The resource availability metric measures the forced outage rates across different technology types. A forced outage occurs when a generator is unavailable to provide energy for all or part of its capacity.

There are three main measurements for forced outages, which include: Forced Outage Rate (FOR), Equivalent Forced Outage Rate (EFOR), and Equivalent Forced Outage Rate demand (EFORd). FOR and EFOR are intermediate metrics used to calculate EFORd and are included as reference to compute the final EFORd metric.10 For the purposes of this metric, respondents must only submit the EFORd calculation. Additional information on the calculation of EFORd may be found in Appendix C.


  1. Number and Capacity of Reliability Must-Run Units

The reliability must-run (RMR) metric provides a measure of the number and capacity of units that an RTO/ISO must depend on to support critical facilities and to maintain reliability. RMR units are typically procured through out-of-market actions. RMR contracts are defined differently by each RTO/ISO but typically refer to units that continue to operate under a temporary contract after a planned retirement decision in order to resolve a reliability need. Not every RTO/ISO has these agreements, and RTOs/ISOs use various terms to refer to such arrangements. For the purposes of this Information Collection, these agreements are collectively referred to as RMR agreements. In defining what constitutes an RMR unit, each RTO/ISO should follow the definitions provided in its tariff. General naming conventions for each RTO/ISO are provided below:


  • PJM: Must-Run for Reliability Generation


  • CAISO: Reliability Must-Run Generation


  • MISO: System Support Resources


  • NYISO: Reliability Must Run


  • ISO-NE: De-list Bids. These are resources that have requested retirement but are compensated to be maintained for reliability purposes.

  1. Reliability Must-Run Contract Usage

The RMR contract usage metric measures the usage of RMR contracts. This metric should include information from contracts that are in effect in any portion of the reporting period. If an RMR contract is in effect in part of a reporting period, include information from the contract in that period. If the RMR contract is in effect for parts of two reporting periods, include the appropriate information from that RMR contract in each reporting period. Respondents should report the hours the RMR units were used, the total MWh provided by the units, and the cost of the contract in the reporting period. In the explanatory text, respondents can provide any other relevant retails that may be relevant (such as start and end dates for the RMR contracts).

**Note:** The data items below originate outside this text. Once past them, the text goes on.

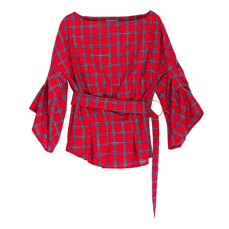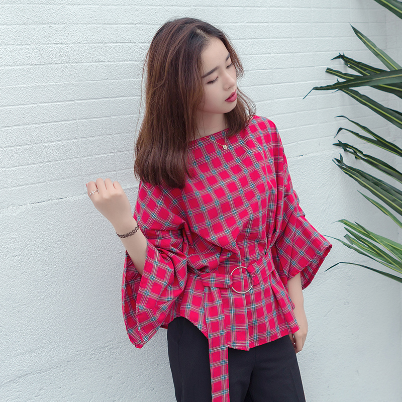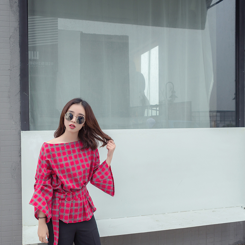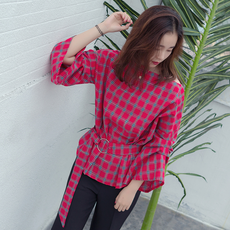 露肩亮點,基本百搭的罩衫 女人味十足的而設計,格子印圖罩衫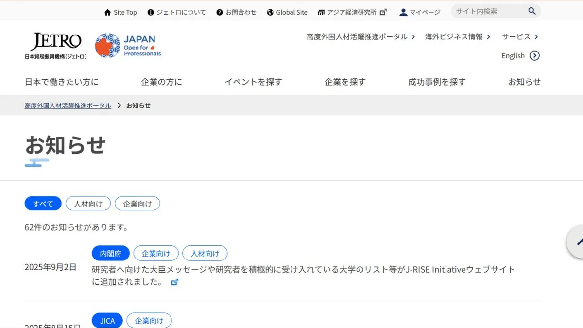 To strengthen the global competitiveness of Japanese companies, JETRO (Japan External Trade Organization) and the Small and Medium Enterprise Agency have partnered to launch the “Internship Program to Promote Internationalization.” This program is a dual-support initiative designed to both host international students already in Japan and create internship opportunities for students and young professionals coming from abroad, with a particular focus on connecting them to small and medium-sized enterprises (SMEs).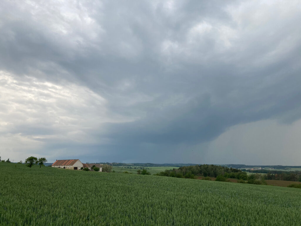 K mému překvapení bouřka už vypadala velmi zajímavě. Na jižní straně byl docela zřetelný wall-cloud, nad ním oblast výstupních proudů v provedení, které je typické pro supercelu a v severní části bouřky bylo rozsáhlé a silné srážkové pole – občas s bleskem či hromem. Po krátké konzultaci s Honzou jsem se opět pustil do focení této nevšední bouřky a za chvíli mně upoutala ještě další věc. Pod základnou wall-cloudu se kromě jiných oblačných chuchvalců objevil nápadný kuželovitý útvar, jehož pomyslný hrot dosahoval (z mého pohledu) až k zemi. Že by snad tornádo? Nejprve jsem udělal několik detailních fotek a potom pozoroval další podrobnosti, které by pomohly určit, o co se jedná. Rotace vidět nebyla a zřetelný funnel-cloud také ne. Ještě jsem chvíli útvar pozoroval, ale nic se na tom příliš nezměnilo a postupně nastal jeho rozpad. Ani tak v tuto chvíli nelze vyloučit, že rotace ve středu kužele nebo pod ním mohla být dostatečně silná, aby způsobila nějaké škody – třeba na porostu.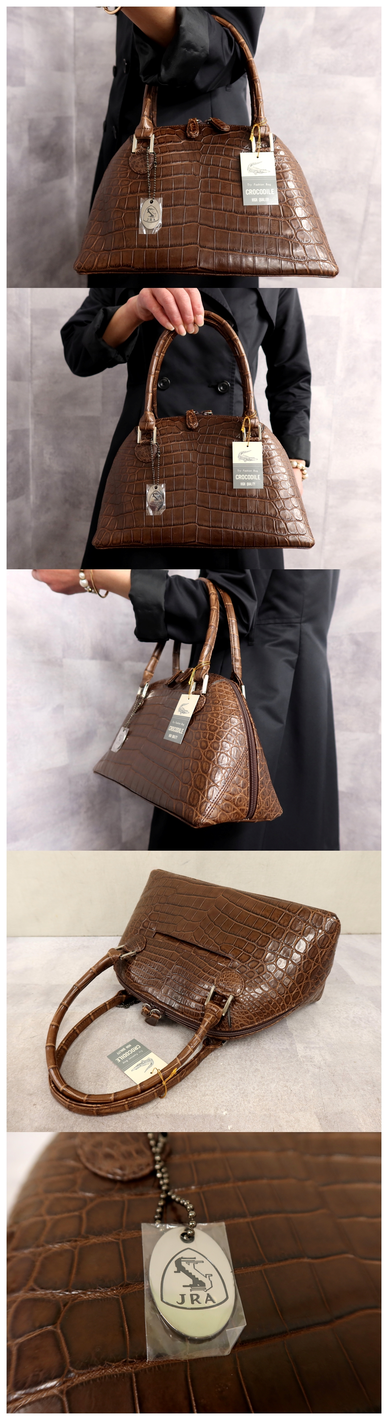 ●超美品●JRA 認定●マット クロコダイル 本 ワニ 革●ハンド バッグ●ブラウン●シルバー金具●腕掛け●かばん●Js64238 收藏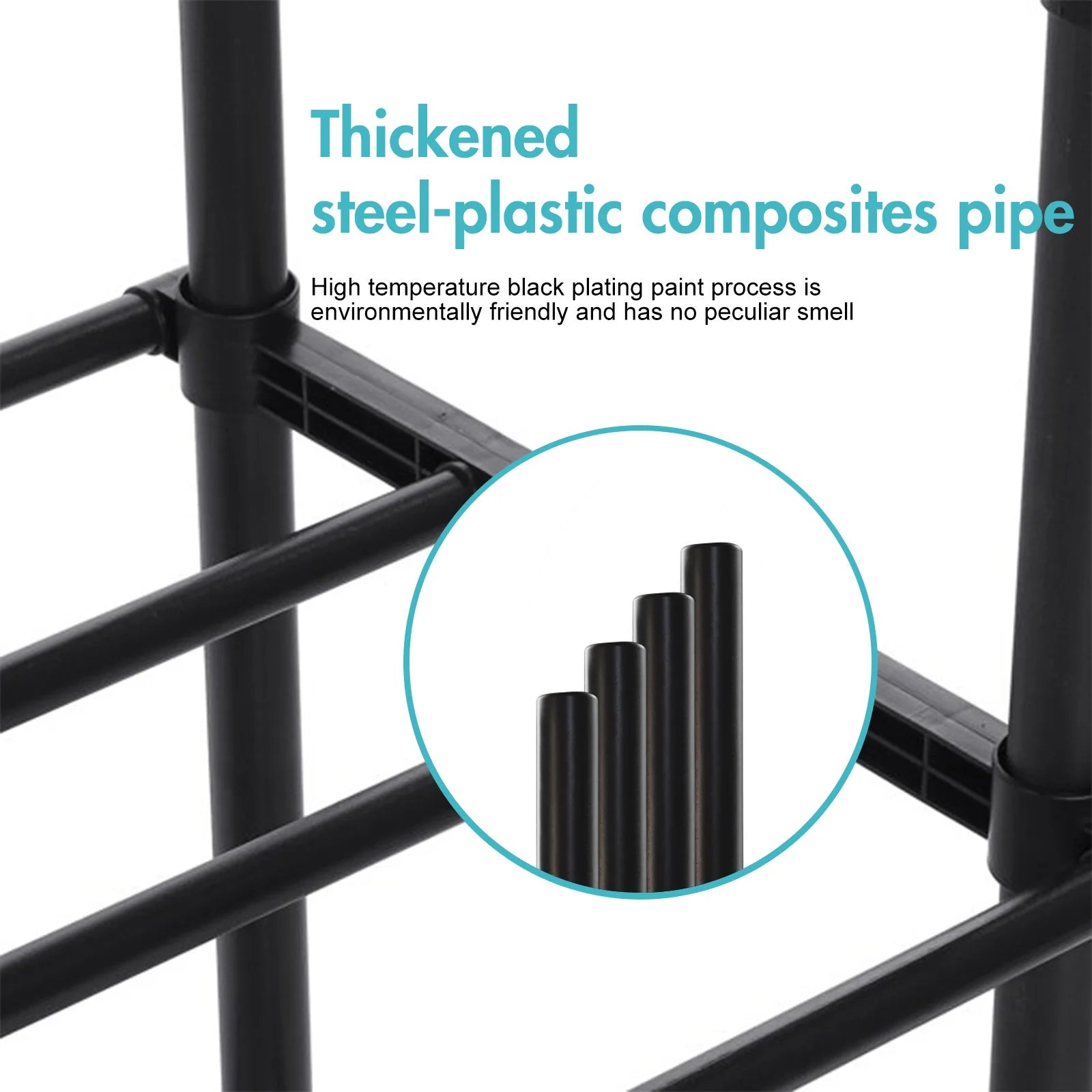 Organize your wardrobe in style with this double rail garment rack. Made from strong steel-plastic composite pipes with ABS joints, this rack offers excellent durability, rust resistance, and stability. Designed with two adjustable hanging poles, a lower storage shelf, and smooth-rolling wheels, it’s a versatile solution for clothes, shoes, and accessories in any room of your home.

  1. Demand Response Capability

The demand response capability metric measures the total amount of demand response available to the RTO/ISO.

For purposes of this Information Collection, provide the total MW values for all RTO/ISO-registered and -controlled resources, including behind the meter resources that participate in the wholesale market. Respondents should include emergency demand response programs. Respondents should not include energy efficiency programs or resources or other passive resources.

  1. Unit Hours Mitigated

The number of unit hours mitigated metric provides an indication of the frequency and magnitude that resources have been mitigated to protect against the exercise of market power.

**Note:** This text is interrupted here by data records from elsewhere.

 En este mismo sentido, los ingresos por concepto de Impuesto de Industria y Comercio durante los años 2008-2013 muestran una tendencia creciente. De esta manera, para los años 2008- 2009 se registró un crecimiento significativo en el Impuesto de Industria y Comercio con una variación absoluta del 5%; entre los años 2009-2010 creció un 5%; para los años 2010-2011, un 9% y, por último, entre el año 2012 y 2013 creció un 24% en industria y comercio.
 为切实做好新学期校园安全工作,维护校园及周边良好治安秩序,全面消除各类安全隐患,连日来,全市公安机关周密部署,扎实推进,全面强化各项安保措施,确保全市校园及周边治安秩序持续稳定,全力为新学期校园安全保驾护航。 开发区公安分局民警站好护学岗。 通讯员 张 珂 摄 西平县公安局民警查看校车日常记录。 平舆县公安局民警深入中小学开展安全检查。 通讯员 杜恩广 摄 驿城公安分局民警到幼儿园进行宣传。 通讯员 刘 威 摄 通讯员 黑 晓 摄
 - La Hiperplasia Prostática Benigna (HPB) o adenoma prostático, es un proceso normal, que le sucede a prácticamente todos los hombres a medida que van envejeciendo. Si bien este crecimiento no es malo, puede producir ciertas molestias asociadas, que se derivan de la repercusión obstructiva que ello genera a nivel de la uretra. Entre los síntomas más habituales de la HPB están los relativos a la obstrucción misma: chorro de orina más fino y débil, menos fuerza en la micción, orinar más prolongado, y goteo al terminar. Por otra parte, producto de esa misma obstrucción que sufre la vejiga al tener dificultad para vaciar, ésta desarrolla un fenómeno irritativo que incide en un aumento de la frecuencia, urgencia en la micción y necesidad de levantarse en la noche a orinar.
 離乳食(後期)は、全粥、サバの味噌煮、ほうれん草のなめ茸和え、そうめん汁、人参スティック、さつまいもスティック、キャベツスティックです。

Please note that 2016 is a leap year and the automatic calculation for data element 11.03 divides by 8784 hours, the number of hours in a leap year, instead of 8760.

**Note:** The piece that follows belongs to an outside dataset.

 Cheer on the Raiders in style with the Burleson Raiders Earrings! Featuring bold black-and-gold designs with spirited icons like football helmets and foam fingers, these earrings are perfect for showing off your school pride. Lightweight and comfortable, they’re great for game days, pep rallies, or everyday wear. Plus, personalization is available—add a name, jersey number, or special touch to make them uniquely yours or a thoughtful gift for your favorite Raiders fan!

Definitions for Metric #11 are as follows:

  • Unit hours: One unit for one hour is one unit hour (day-ahead).

  • Unit intervals: One unit for one interval is one unit interval (real-time).

  • Hours of mitigation: Any hour (day-ahead) or interval (real-time) in which any resource is mitigated is considered an hour of mitigation.

  • MW hours of mitigation: One MW mitigated for one hour is one MW hour mitigated.

  • RTOs/ISOs that have a multi-day commitment period and use a conduct and impact test to mitigate the offers of such resources during their minimum run times for future days should report these unit hours as mitigated.

  1. Wholesale Power Costs by Charge Type

The wholesale power cost metric disaggregates costs paid by load, thereby providing an assessment of RTO/ISO market costs. In order to be expressed in a per MWh basis, this metric requires that respondents provide a value for the data element Net Energy for Load (12.00), which is used in the calculation of other metrics. Respondents should use the MWh values provided in FERC Form No. 714 Net Energy for Load, defined as: Total generation plus imports minus exports minus losses.11

RTOs/ISOs with centralized capacity markets should report by the reporting period associated with the corresponding binding auction. Use the monthly values from two consecutive FERC Form No. 714 reporting years and create a Net Energy for Load value in MWh for that reporting period (which is the delivery period of the auction).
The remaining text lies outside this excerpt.